9.1 Lists in, lists out, lists all about

Chapter 9.0 (Weighted-mean watchers) was fun. Let's do it all over again!

Or rather, let's do another list operation. We're going to start with a dataframe such as

shape: (4, 1)
┌──────────────┐
 dense        
 ---          
 list[i64]    
╞══════════════╡
 [0, 9]       
 [8, 6, 0, 9] 
 null         
 [3, 3]       
└──────────────┘
and we're going to try to count the indices which are non-zero. →

Note

You don't really need a plugin to do this, you can just do

df.with_columns(sparse_indices=pl.col('dense').list.eval(pl.arg_where(pl.element() != 0)))

But eval won't cover every need you ever have ever, so...it's good to learn how to do this as a plugin so you can then customize it according to your needs.

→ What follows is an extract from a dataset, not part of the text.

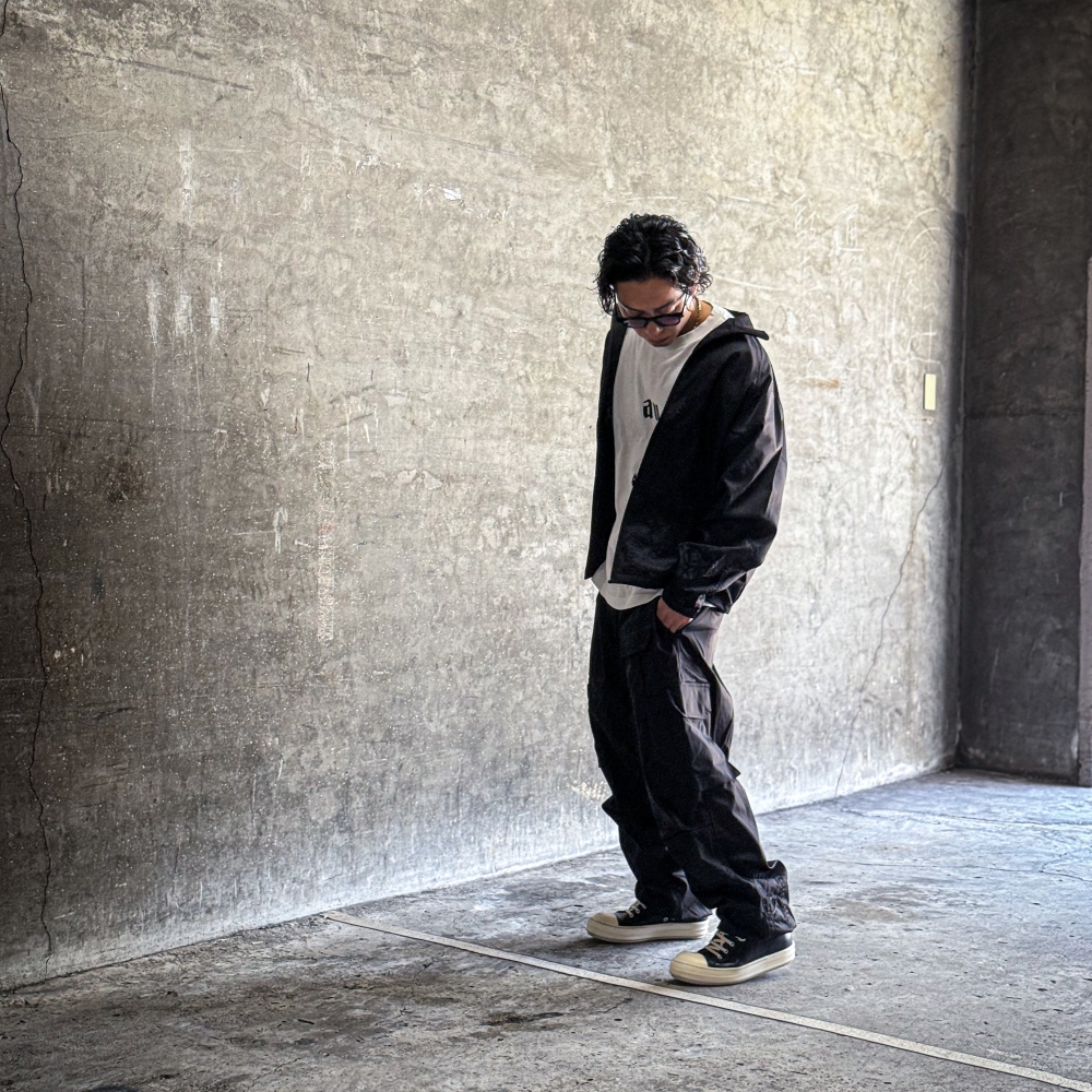 裾にはドローコードが付いており絞る事でシルエットを変化させる事ができます。

Polars has a helper function built-in for dealing with this: apply_amortized. We can use it to apply a function to each element of a List Series. In this case, we just want to find the indices of non-zero elements, so we'll do:

fn list_idx_dtype(input_fields: &[Field]) -> PolarsResult<Field> {
    let field = Field::new(input_fields[0].name(), DataType::List(Box::new(IDX_DTYPE)));
    Ok(field.clone())
}

#[polars_expr(output_type_func=list_idx_dtype)]
fn non_zero_indices(inputs: &[Series]) -> PolarsResult<Series> {
    let ca = inputs[0].list()?;

    let out: ListChunked = ca.apply_amortized(|s| {
        let s: &Series = s.as_ref();
        let ca: &Int64Chunked = s.i64().unwrap();
        let out: IdxCa = ca
            .into_iter()
            .enumerate()
            .filter(|(_idx, opt_val)| opt_val != &Some(0))
            .map(|(idx, _opt_val)| Some(idx as IdxSize))
            .collect_ca("");
        out.into_series()
    });
    Ok(out.into_series())
}
apply_amortized is a bit like the apply_to_buffer function we used in How to STRING something together, in that it makes a big allocation upfront to amortize the allocation costs. Think of it as a list version of apply_values, where each element is itself a Series.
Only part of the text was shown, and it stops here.